Sans méconnaître les excès de cette théorie, je demeure fidèle à la notion de « clôture du texte » (ici filmique). Je trouve Cruise à la fois sympathique et légèrement effrayant, mais je ne saurais dire qui il est véritablement, et je ne pense pas que j’aurais quoi que ce soit de très original à en dire si je le savais. D’autant qu’il contrôle sa communication avec soin et reste extrêmement « lisse » dans toutes ses déclarations publiques – sans doute parce qu’il ne souhaite s’aliéner aucun public… En revanche, la succession de ses rôles sur une quarantaine d’années me semble dessiner un certain nombre de motifs, qui par leur répétition et leur cohérence finissent par signifier quelque chose de systématisable, et qui pour le coup m’intéresse hautement du point de vue de l’art cinématographique.

Souvent critiqué (à la fois pour son jeu et pour des éléments liés à sa vie privée), parfois tourné en ridicule, Tom Cruise est loin de faire l’unanimité. Pourquoi son talent divise-t-il selon vous ?

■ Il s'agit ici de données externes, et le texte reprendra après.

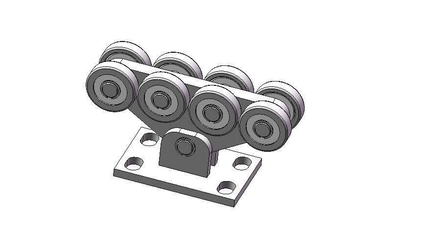 Опора ЕВРО (006)с допустимой нагрузкой 1500 кг выполнена 8-роликовай с цельной плитой, обеспечивающей высокую прочность. Конструкция опор обеспечивает их саморегулируемость и непрерывный контакт не менее 6 роликов одновременно с направляющей. Роликовая опора воспринимает нагрузки от створки ворот и передает их на фундамент, обеспечивает перемещение створки в направлениях, предусмотренных конструкцией ворот. В опоре используются усиленные подшипники 204 со специальной негигроскопичной низкотемпературной смазкой до -60°. Стопорное кольцо на центральной оси оцинковано и защищено от коррозии.

Il y a chez lui, dans ses rôles, une prétention à incarner la maîtrise et la perfection qui ne peut que glacer. C’est un héroïsme sans la petite fêlure qui force la sympathie, le talon d’Achille qui humanise. Clint Eastwood est râleur, Bruce Willis se donne du mal, même Keanu Reeves finit ses aventures en boitillant. Cruise, lui, est toujours le premier, et cela peut indisposer. Avec cela, un aspect lisse, tout aussi inhumain, un désir sensible de plaire à tout le monde que résument son inquiétant sourire et son non moins inquiétant rire. Il y a de l’Unheimlich en lui, de l’inhumain qui se mêle inextricablement à l’humain, sans le grotesque rassurant des surhommes bodybuildés à la Schwarzenegger. Même quand il s’efforce d’être simple, sympathique, on a le sentiment que cela est joué, composé, demandant un certain effort, comme s’il était une créature venue d’ailleurs, façon Body Snatchers de Don Siegel, qui chercherait à se faire accepter par les hommes. Cette bizarrerie ne peut qu’indisposer – et, pour ce qui me concerne, fasciner en même temps.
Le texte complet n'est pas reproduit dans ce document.